このページは自動翻訳されたものであり、翻訳の正確性は保証されていません。を参照してください。 英語版 ソーステキスト用。

悪性胸膜中皮腫患者におけるセレコキシブおよびゲムシタビンと一緒に投与されたrAd-IFNの有効性と安全性 (INFINITE)

2021年10月25日 更新者:Trizell Ltd

悪性胸膜中皮腫患者におけるセレコキシブおよびゲムシタビンと組み合わせたアデノウイルス送達インターフェロンアルファ-2b(rAd-IFN)の胸腔内投与の有効性と安全性を評価する第3相、非盲検、無作為化、並行群間試験

この研究では、組織学的に確認された悪性胸膜中皮腫(MPM)患者において、セレコキシブおよびゲムシタビンと組み合わせたアデノウイルス送達インターフェロンアルファ-2b(rAd-IFN)の胸腔内投与を評価します。そのうちの 1 つは抗葉酸剤とプラチナ製剤の併用療法であったに違いありません。
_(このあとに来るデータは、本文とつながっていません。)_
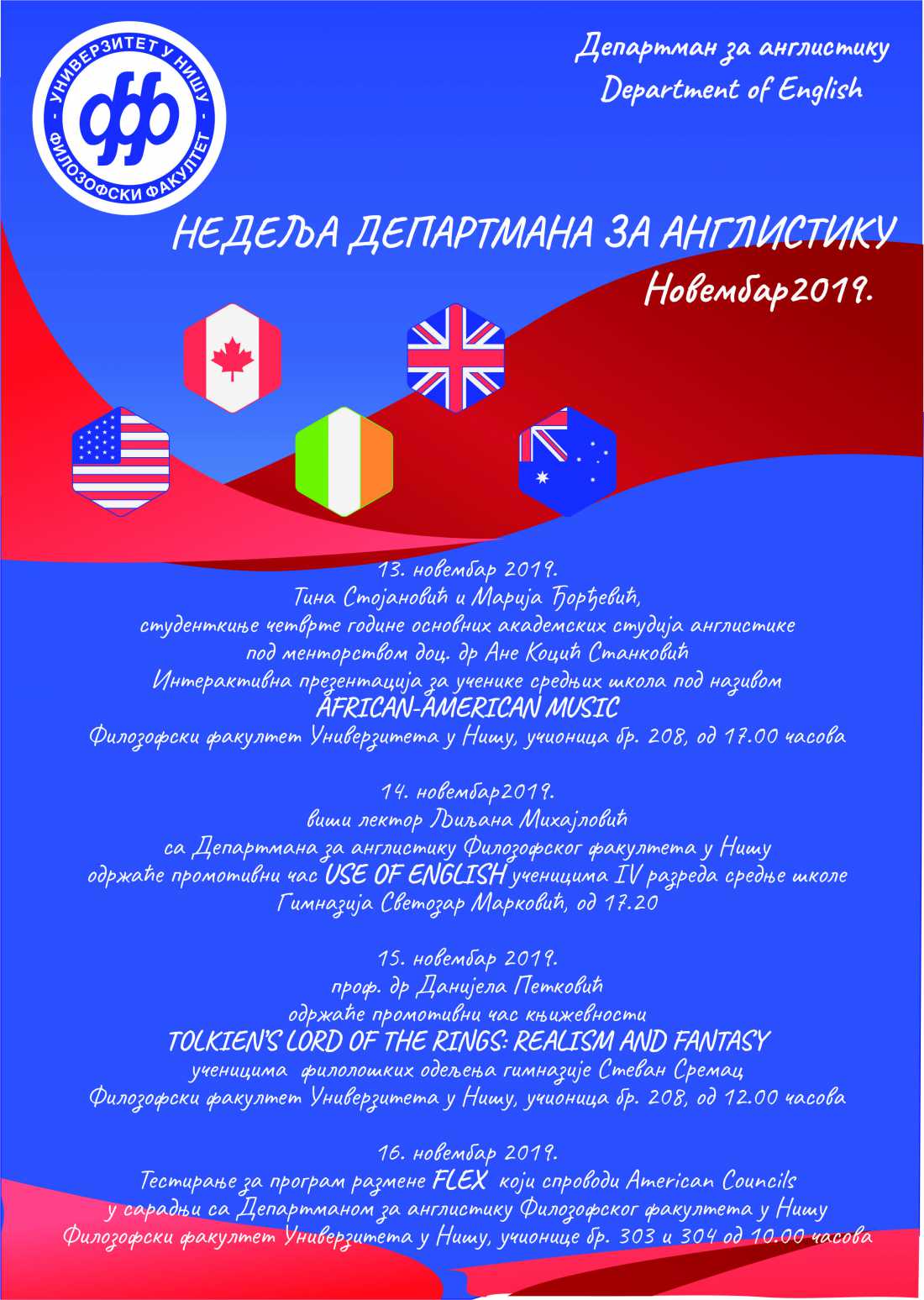 У периоду од 13. до 16. новембра 2019. године биће реализоване активности у оквиру обележавања недеље Департмана за англистику.

適格な患者は、次のいずれかに 1:1 で無作為化されます。

  1. 治療群: rAd-IFN + セレコキシブに続いてゲムシタビン
  2. 対照群:セレコキシブに続いてゲムシタビン

治療群に無作為に割り付けられた患者は、研究1日目に胸腔内カテーテル(IPC)または同様の胸腔内装置を介してrAd-IFNを胸膜腔に投与されます。
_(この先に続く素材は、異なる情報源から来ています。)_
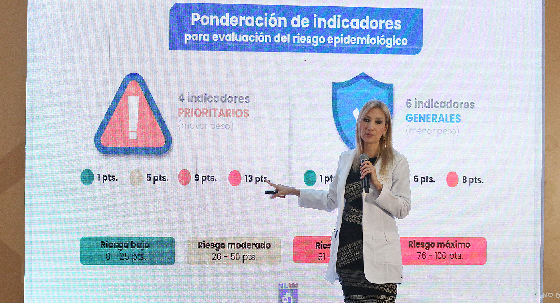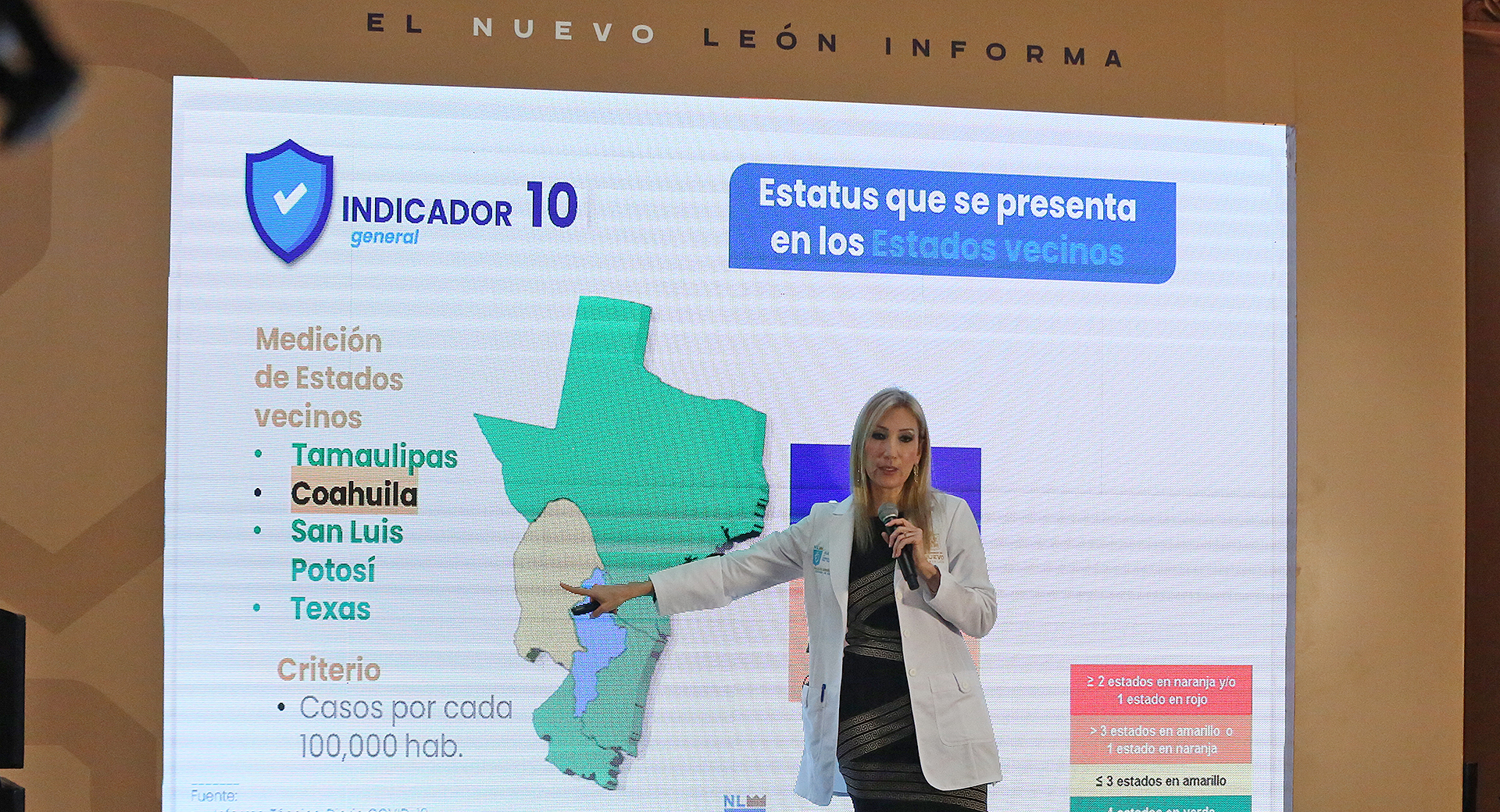 "Dentro de los 10 indicadores que teníamos eliminamos la capacidad instalada de pruebas diarias y la comparación contra las enfermedades respiratorias, dejamos el dato que más nos interesa, que es la comparativa de neumonías, y agregamos dos indicadores nuevos, que son la cobertura de vacunación completa, incluyendo segundas dosis, y el estatus que se presenta en los estados vecinos, incluyendo Texas".

この研究の主な目的は、MPM 患者の治療においてセレコキシブとゲムシタビンを併用投与した場合の rAd IFN に関連する全生存期間 (OS) と、セレコキシブとゲムシタビン単独に関連する全生存期間 (OS) を比較することです。

調査の概要

状態

積極的、募集していない

条件

介入・治療

詳細な説明

タイトル: 悪性胸膜中皮腫患者におけるセレコキシブおよびゲムシタビンと組み合わせたアデノウイルス送達インターフェロンアルファ-2b (rAd-IFN) の胸腔内投与の有効性と安全性を評価する第 3 相、非盲検、無作為化、並行群間試験

プロトコル番号: rAd-IFN-MM-301

治験薬:Nadofaragene firadenovec(ヒトインターフェロンα-2b遺伝子を含む組換えアデノウイルスベクター:rAd-IFN)、セレコキシブ、およびゲムシタビン

フェーズ: 3

適応症:悪性胸膜中皮腫(MPM)

主催:株式会社トリゼル

サイト: 世界中に約 80 のサイト

目的:

この研究の主な目的は、少なくとも 1 回の治療に失敗した MPM 患者の治療において、セレコキシブとゲムシタビンを併用投与した場合の rAd IFN に関連する全生存期間 (OS) と、セレコキシブとゲムシタビン単独に関連する全生存期間 (OS) を比較することです。レジメンと最大 2 つの治療レジメンがあり、そのうちの 1 つは抗葉酸剤とプラチナの併用レジメンでなければなりません。

この調査の二次的な目的は次のとおりです。

  • 少なくとも1つの治療レジメンと最大2つの治療レジメンで失敗したMPM患者の治療について、セレコキシブとゲムシタビンを併用したrAd-IFNと、セレコキシブとゲムシタビン単独で投与した場合のrAd-IFNを比較すること。以下に関して、抗葉酸とプラチナの併用レジメンでした。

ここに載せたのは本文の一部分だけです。